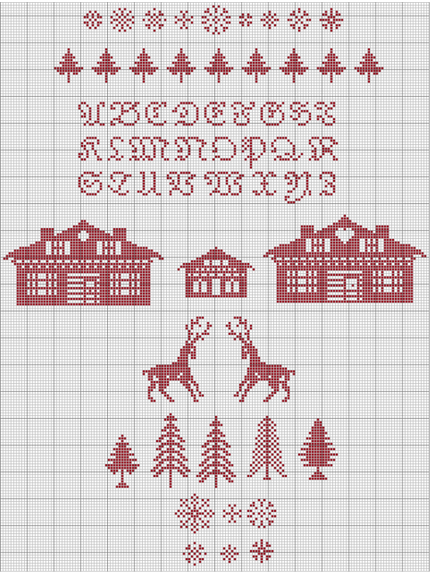 Cross stitch alphabet very nice Christmas with red houses and reindeer Pattern added on April 24, 2022 by Amy
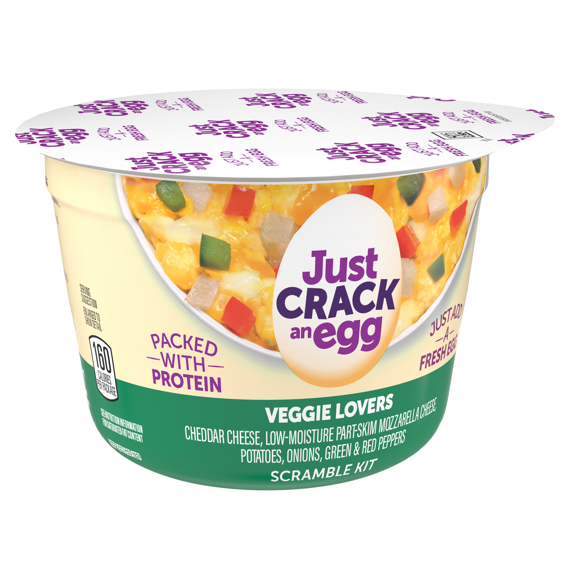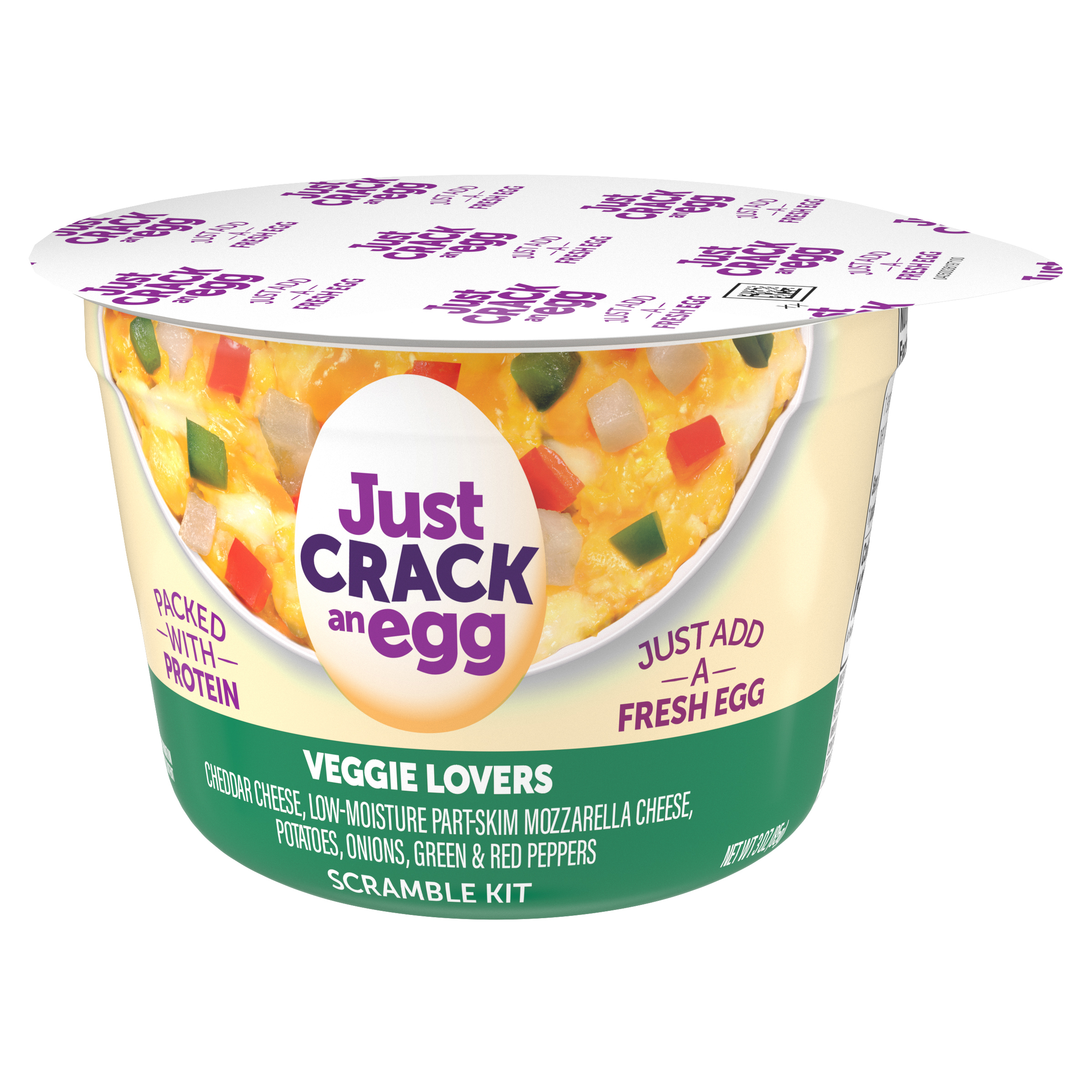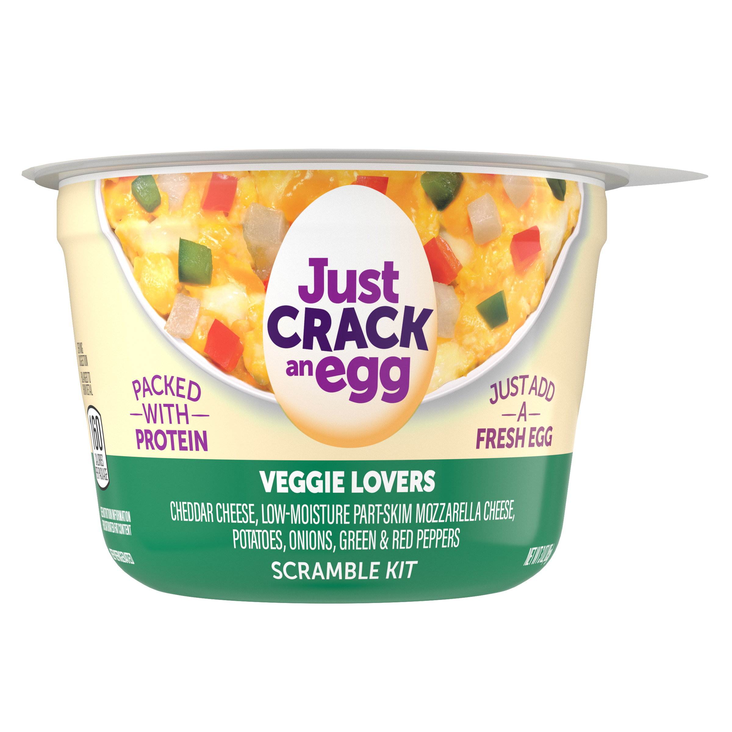 Product Description Kickstart your morning. Our Just Crack an Egg Scramble Kit lets you fuel up with protein and calcium. Just Crack an Egg Veggie Lovers Scramble Kit contains cheddar cheese, low-moisture part-skim mozzarella cheese, potatoes, onions, green and red peppers. Cooks in two minutes, simply crack a fresh egg into the cup, add the contents of the pouches to the cup, stir until blended and microwave according to the instructions. Packed with protein, each scramble kit contains 10 grams per serving. Ideal for those who follow a low-carb lifestyle, you can customize your scramble by making yours with two eggs or egg whites. Keep our scramble kits refrigerated until you're ready to prepare your quick and easy breakfast to enjoy at home or on the go. Make it yours and rediscover the joy of breakfast!
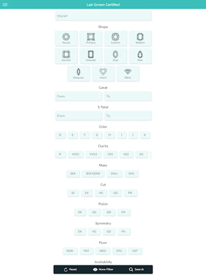 • Lab Grown: We have 7000+ exclusive lab grown diamond inventory.
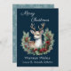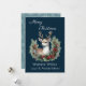 This card features a beautiful deer, with a partial wreath; the wreath is decorated with greenery and holly berries. This design is set against a deep blue backdrop, with light grey text, which can be changed by the customer.
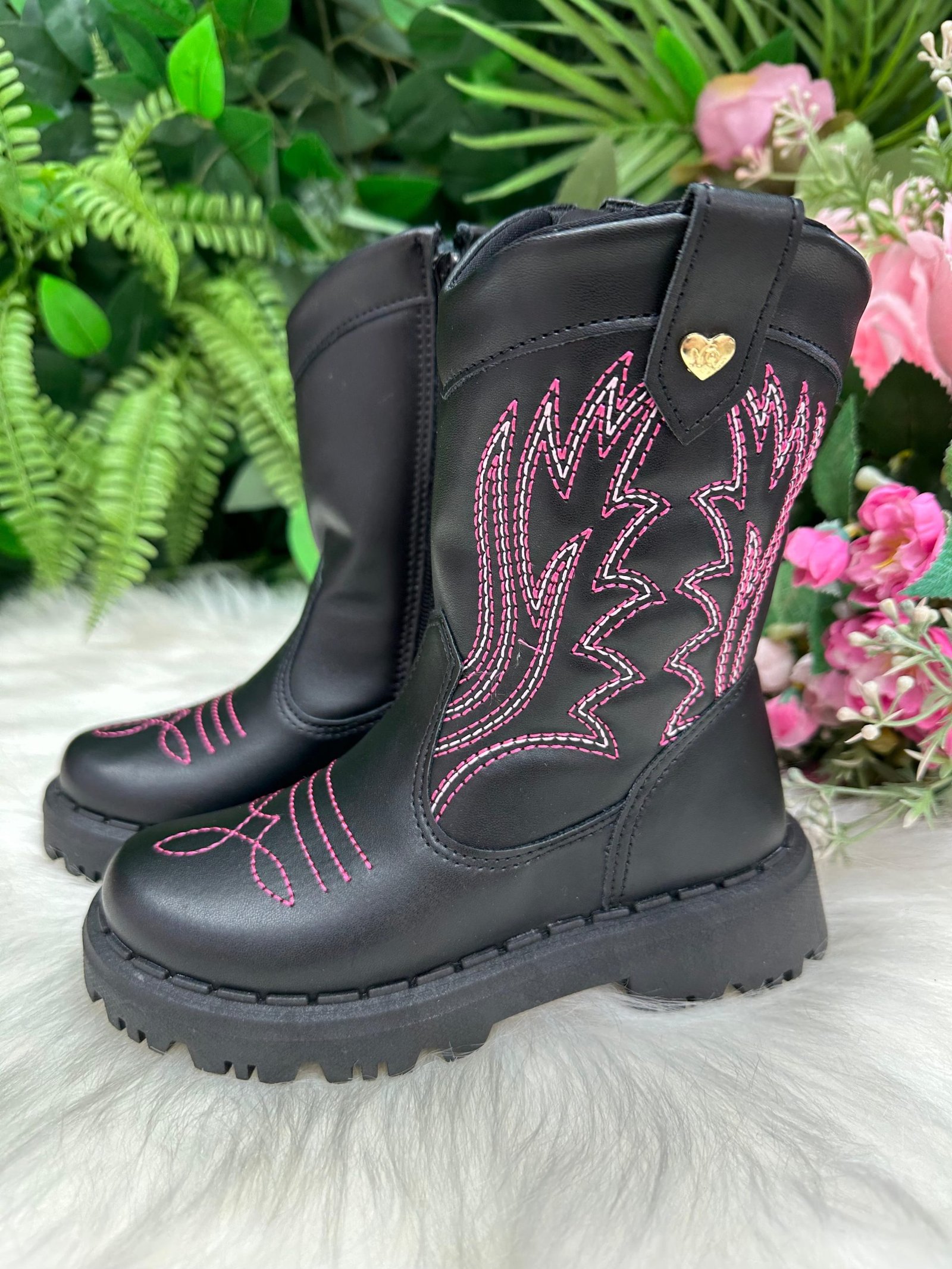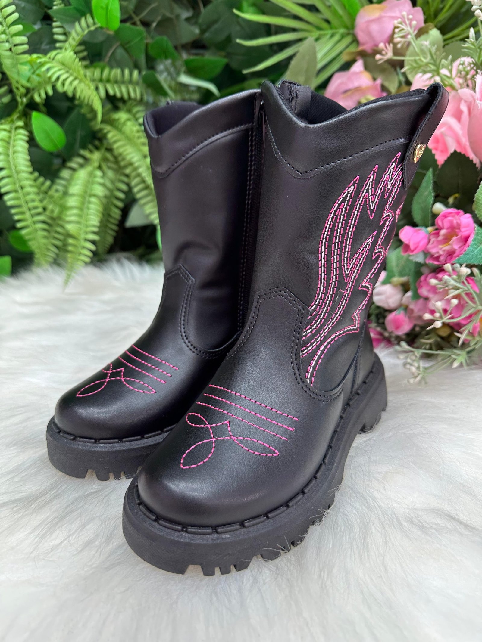 Bota Nilqi Texana Isabella Preto e Pink
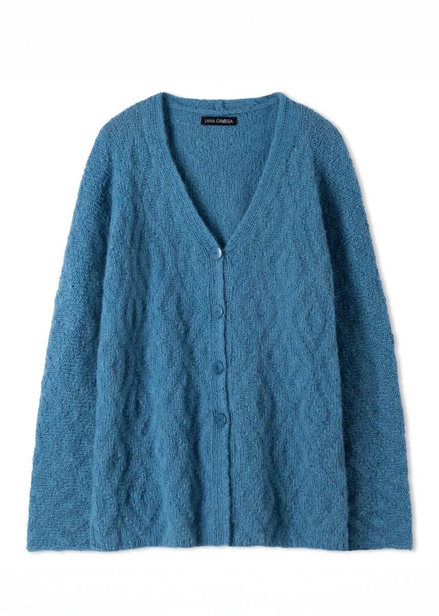 Lana Grossa Nebbia (55% Schurwolle (Merino extrafein), 45% (Baby) Alpaka, Lauflänge 170 m/50 g), 400 g in Taubenblau (Fb 5); Stricknadeln Nr 5; 1 Rundstricknadel Nr 5, 120 cm lang; 4 blaue Knöpfe von Union Knopf, 25 mm Ø, Art. 454233, Fb 64.
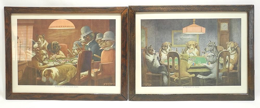 LOT 184 Five Colour Prints by C.M.Coolidge, 11 3/8 x 15 1/2", "Dogs Playing Poker". Estimate: $60 - $100 Sold For: $140 Auction Date: Tuesday, September 09 2025 at 4:00 PM
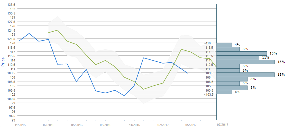 According to the poll that gathered forecasts between March 21 and April 21, traders expect the US Dollar to appreciate to 111.23 yen in three months' time, while the forecast for March 31 was 117.66 yen. It is also worth noticing that 55% of all forecasts fall above 111 yen, which is above the current spot price. The majority of people voted expect the US Dollar to cost somewhere either between 108.00 and 109.50 or between 112.50 and 114.00 yen in three months, with 15% of the survey participants choosing each of these trading ranges. At the same time, the second most popular interval was the 115.50-117.00 one, with 13% of survey participants choosing it.
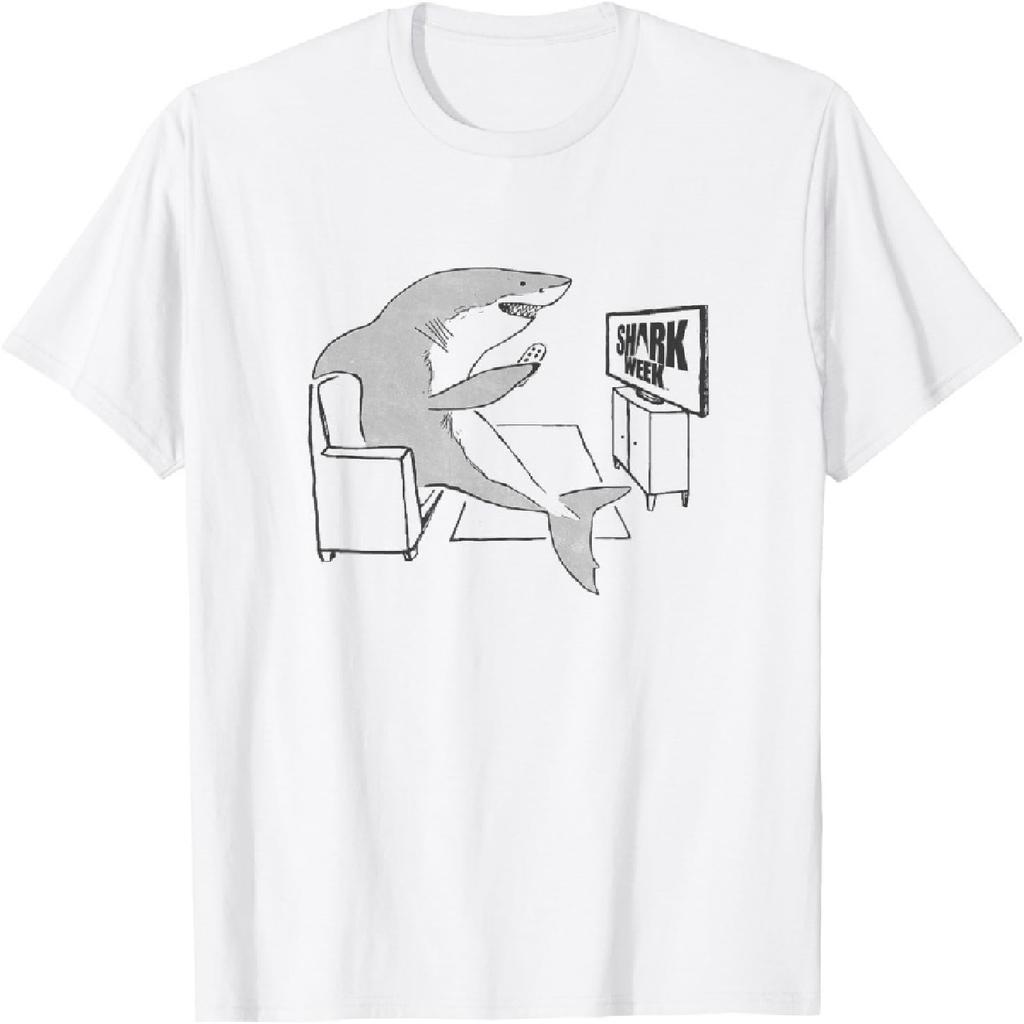 Неделя акул Акула Картошка Белая акула Диван Линейный рисунок Футболка

* REQUIREMENT
Reproduce, without alteration and without pictures, only those lines that lie between the first line of the entries above and the line containing "grown diamond inventory.", both of them included.

* RESPONSE TO THE TASK
 Cross stitch alphabet very nice Christmas with red houses and reindeer Pattern added on April 24, 2022 by Amy
 Product Description Kickstart your morning. Our Just Crack an Egg Scramble Kit lets you fuel up with protein and calcium. Just Crack an Egg Veggie Lovers Scramble Kit contains cheddar cheese, low-moisture part-skim mozzarella cheese, potatoes, onions, green and red peppers. Cooks in two minutes, simply crack a fresh egg into the cup, add the contents of the pouches to the cup, stir until blended and microwave according to the instructions. Packed with protein, each scramble kit contains 10 grams per serving. Ideal for those who follow a low-carb lifestyle, you can customize your scramble by making yours with two eggs or egg whites. Keep our scramble kits refrigerated until you're ready to prepare your quick and easy breakfast to enjoy at home or on the go. Make it yours and rediscover the joy of breakfast!
 • Lab Grown: We have 7000+ exclusive lab grown diamond inventory.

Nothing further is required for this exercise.